We won’t do that today. Instead, we’ll focus on targeting LLVM IR (intermediate representation) from a Wabbit frontend. The plan is:
- Import a Python library that gives us an API for generating individual commands in the LLVM intermediate representation.
from llvmlite import ir
Dope, that was easy.
2. Translate our Wabbit abstract syntax tree nodes into llvmlite commands for the LLVM IR. That sounds fancy, but we’ve already done this same family of thing twice. First, we translated our AST into printed Wabbit code. Then, we translated our AST into executed Python code. By now, you’re getting used to seeing this pattern:
...
from model import *
def generate(node, env):
if isinstance(node, Integer):
return f"ir.Constant(int_type, {node.value})"
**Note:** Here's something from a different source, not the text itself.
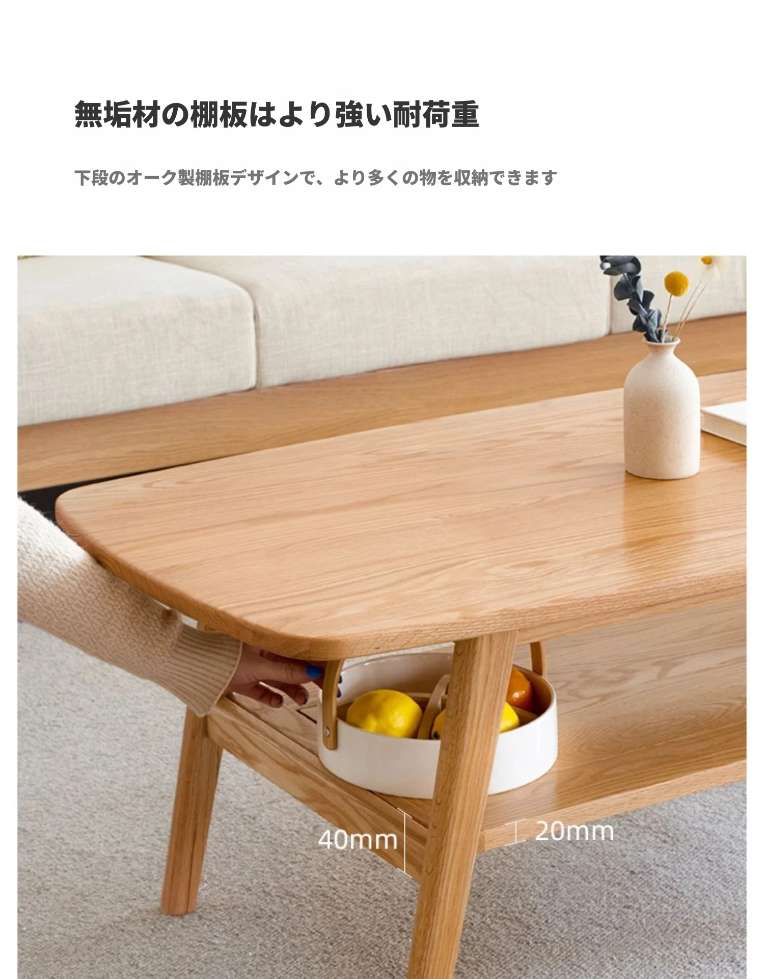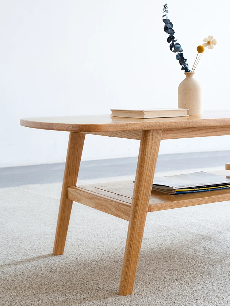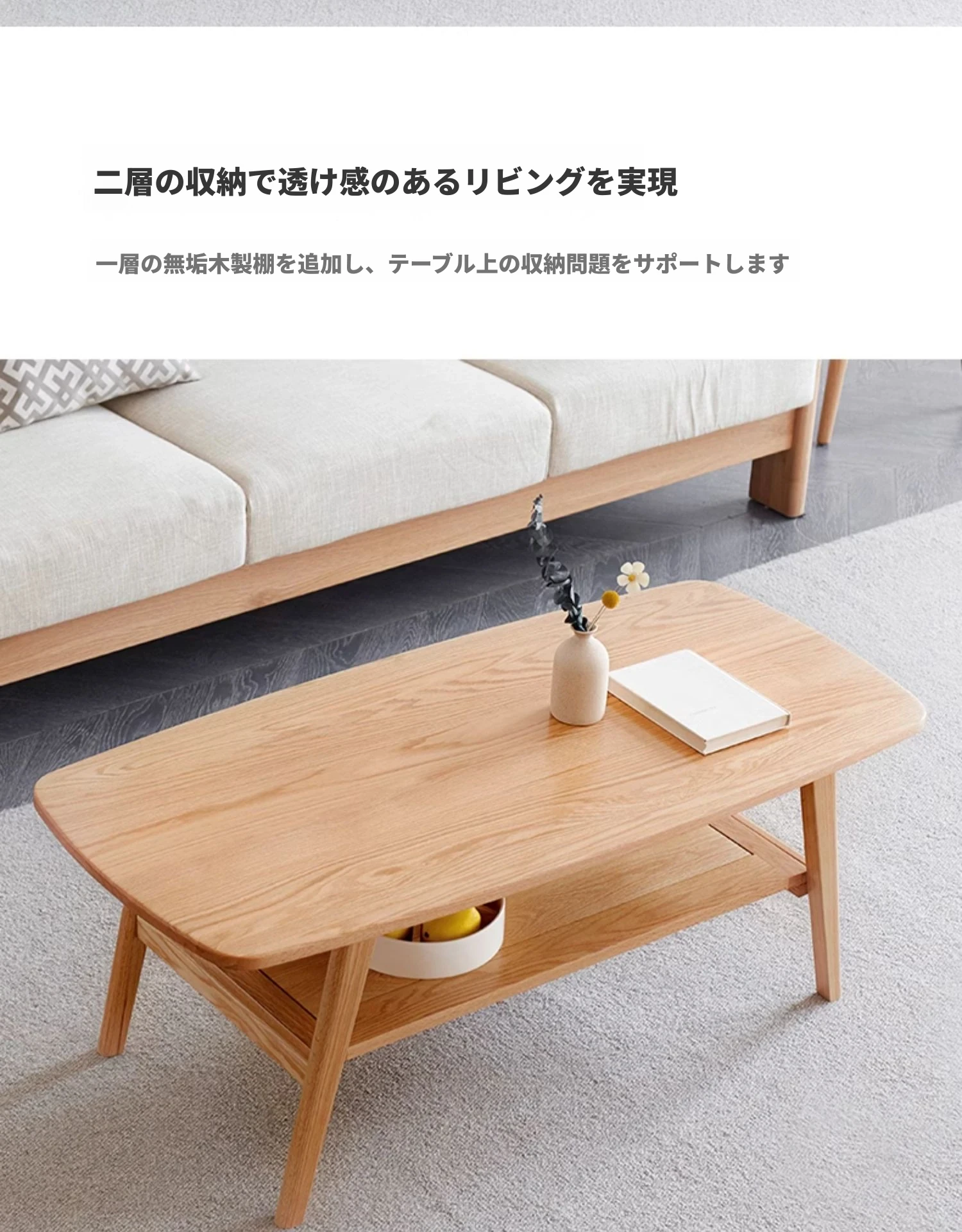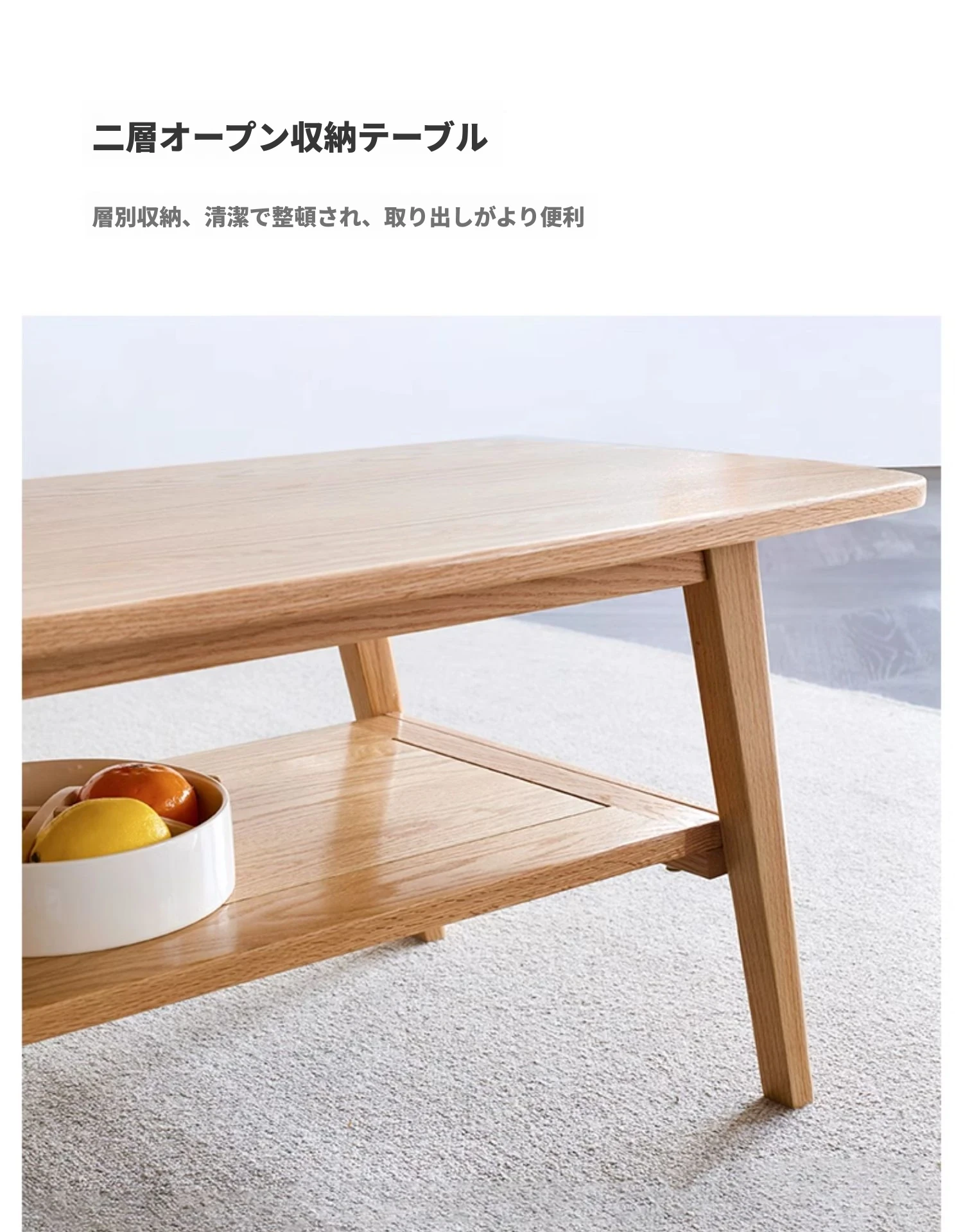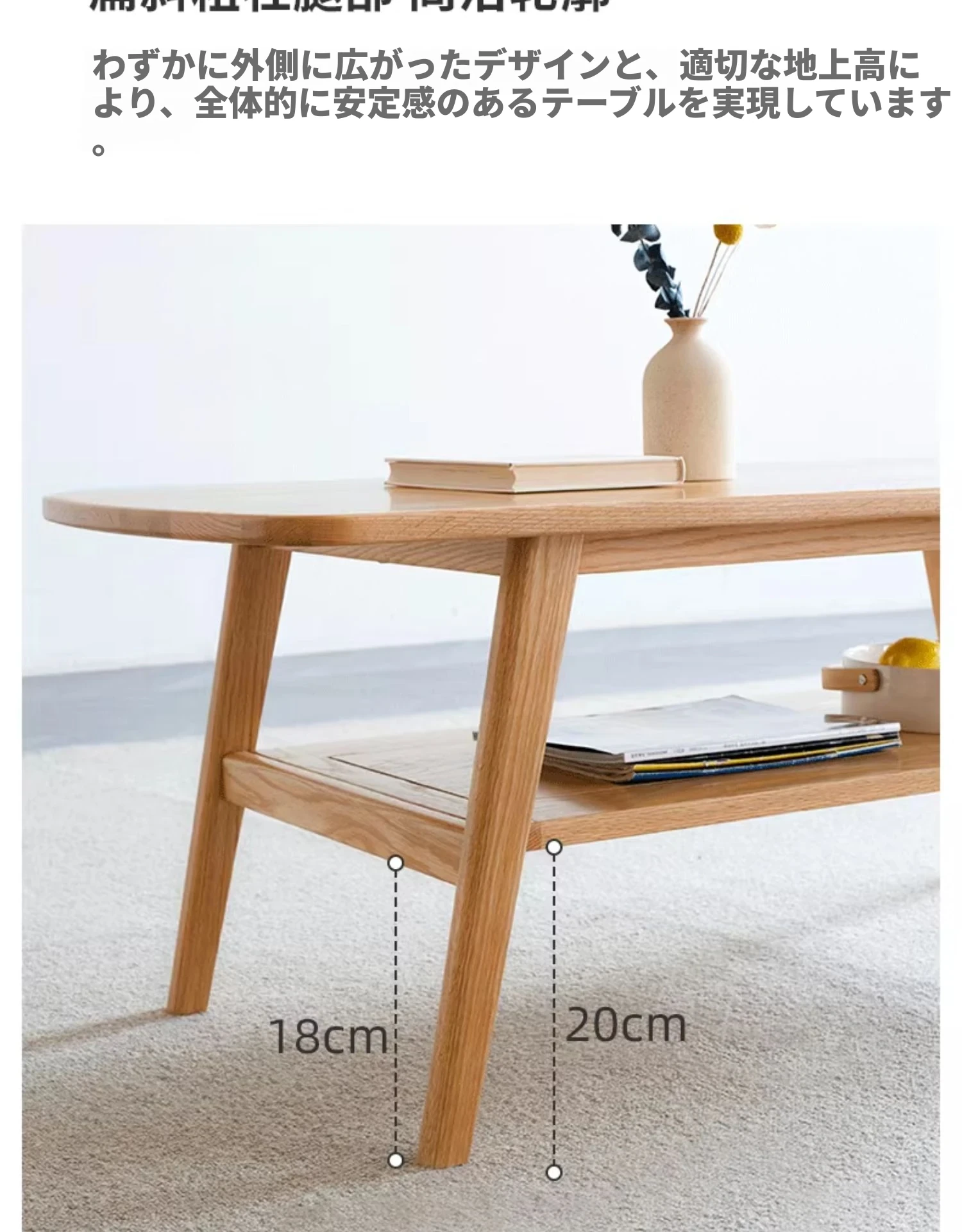 ナチュラルオークの無垢材製ミニコーヒーテーブル|北欧スタイルのシンプルデザイン|小さなリビングやお部屋にぴったりの二段式テーブル|おしゃれな茶台でくつろぎのひとときを提供します!

elif isinstance(node, Float):
return f"ir.Constant(float_type, node.value)"
elif isinstance(node, BinaryOperator):
# YOU KNOW WHAT, FOR NOW LET'S JUST ASSUME EVERYTHING IS AN INTEGER
if node.op == '*':
return f"builder.mul({generate(node.left, env)}, {generate(node.right, env)})"
elif node.op == '/':
return f"builder.sdiv({generate(node.left, env)}, {generate(node.right, env)})"
elif node.op == '+':
return f"builder.add({generate(node.left, env)}, {generate(node.right, env)})"
elif node.op == '-':
return f"builder.sub({generate(node.left, env)}, {generate(node.right, env)})"
elif isinstance(node, Comparison):
return f"builder.icmp_signed(node.op, generate(node.left, env), generate(node.right, env))"
elif isinstance(node, Print):
return f"builder.call(_print_int, [{generate(node.value, env)}]) "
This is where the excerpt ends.